JAKARTA, EDUNEWS.ID — Peringatan ulang tahun ke-63 Menteri Keuangan Republik Indonesia, Sri Mulyani Indrawati, diwarnai aksi unik dari Aliansi Dosen ASN Kemdiktisaintek Seluruh Indonesia (ADAKSI).
Puluhan papan bunga berjejer di depan Gedung Kementerian Keuangan, Selasa 26 Agustus 2025 di Jakarta Pusat, dengan berbagai pesan kritis. Salah satu yang paling mencolok bertuliskan: “Kapan Kami Dapat Tukin Bu?”.
Aksi ini menjadi simbol keresahan ribuan dosen di Perguruan Tinggi Negeri Badan Hukum (PTN-BH) dan Badan Layanan Umum (PTN-BLU) yang hingga kini tidak menikmati hak tunjangan kinerja (tukin). Padahal, regulasi pemerintah melalui Permendikbud No. 49/2020 telah menegaskan bahwa dosen ASN berhak memperoleh tunjangan tersebut.
Menurut ADAKSI, persoalan ini bukan sekadar keterbatasan fiskal negara, tetapi juga mencerminkan buruknya tata kelola keuangan di PTN-BH dan BLU remunerasi.

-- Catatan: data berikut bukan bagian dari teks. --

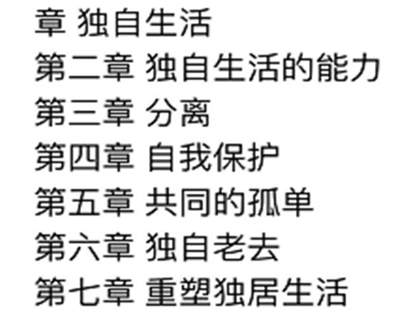 克里南伯格以他前瞻性的研究为基础,探索了单身社会的崛起,以及这一现象给我们的社会文化、经济、政治所带来的巨大影响。尽管传统思想一直告诫我们,独自生活将导致孤独和与世隔 的孤立,克里南伯格却向我们揭示了, 大多数单身者正热忱地投身社会与社交生活中,他们比同龄已婚人士 热衷于外出就餐、锻炼身体、参与艺术及音乐课程、公众活动、演讲以及公益活动。甚至有证据表明,比起与配偶居住的已婚人士,独自生活的人们身心 为健康,而他们都市公寓的生活方式,相较郊区独栋家庭住宅,也 为绿 保。 ......

Skema remunerasi dinilai tidak tepat sasaran, di mana tunjangan lebih banyak dinikmati oleh pejabat kampus, sementara dosen fungsional biasa justru tertinggal jauh.
“Masalahnya bukan negara tidak mampu, tetapi pengelolaan keuangan di kampus yang tidak berpihak pada dosen. Padahal dosen adalah ujung tombak pendidikan tinggi, bukan sekadar pelengkap birokrasi,” ujar salah satu koordinator aksi.
ADAKSI menegaskan bahwa ketidakadilan ini sudah berlangsung lama. Selain tidak jelasnya pembayaran tukin, dosen juga masih menghadapi stagnasi tunjangan fungsional yang tidak pernah naik sejak 2007. Kondisi ini, menurut mereka, menyebabkan beban hidup dosen semakin berat, menurunkan motivasi, hingga mengancam kualitas riset dan pembelajaran di kampus.
Aliansi menuntut pemerintah segera membenahi sistem kesejahteraan dosen dengan lima langkah konkret:
1. Menghentikan diskriminasi tukin dan menerapkan prinsip Tukin for All bagi seluruh dosen ASN, baik Satker, BLU, maupun BH.
2. Menaikkan tunjangan fungsional agar sesuai inflasi dan sebanding dengan profesi setara.
3. Membayar utang tukin 2020–2024 yang nilainya mencapai triliunan rupiah.
4. Mereformasi skema PPPK dosen agar kontrak diperpanjang hingga pensiun bagi yang berkinerja baik.
5. Mengakhiri kapitalisasi pendidikan tinggi yang selama ini membebani mahasiswa melalui UKT yang kian mencekik.
Total 63 papan bunga utama—melambangkan usia Sri Mulyani—ditambah 37 papan pendamping, menjadi cermin nurani publik bahwa di balik megahnya APBN dan jargon reformasi fiskal, masih ada ketidakadilan yang dialami para dosen. Pesan-pesan di papan bunga itu menohok, mulai dari “Bayar Hak Tukin Kami”, “Dosen Bukan Tenaga Kerja Biasa”, hingga “Hentikan Diskriminasi Dosen ASN”.
“Kami tidak anti reformasi, tapi menolak diskriminasi. Pendidikan tinggi tidak boleh jadi komoditas. Konstitusi jelas: negara wajib mencerdaskan kehidupan bangsa, bukan membebankan rakyat,” tegas Dr. Fatimah, Ketua Umum ADAKSI, menutup aksi tersebut.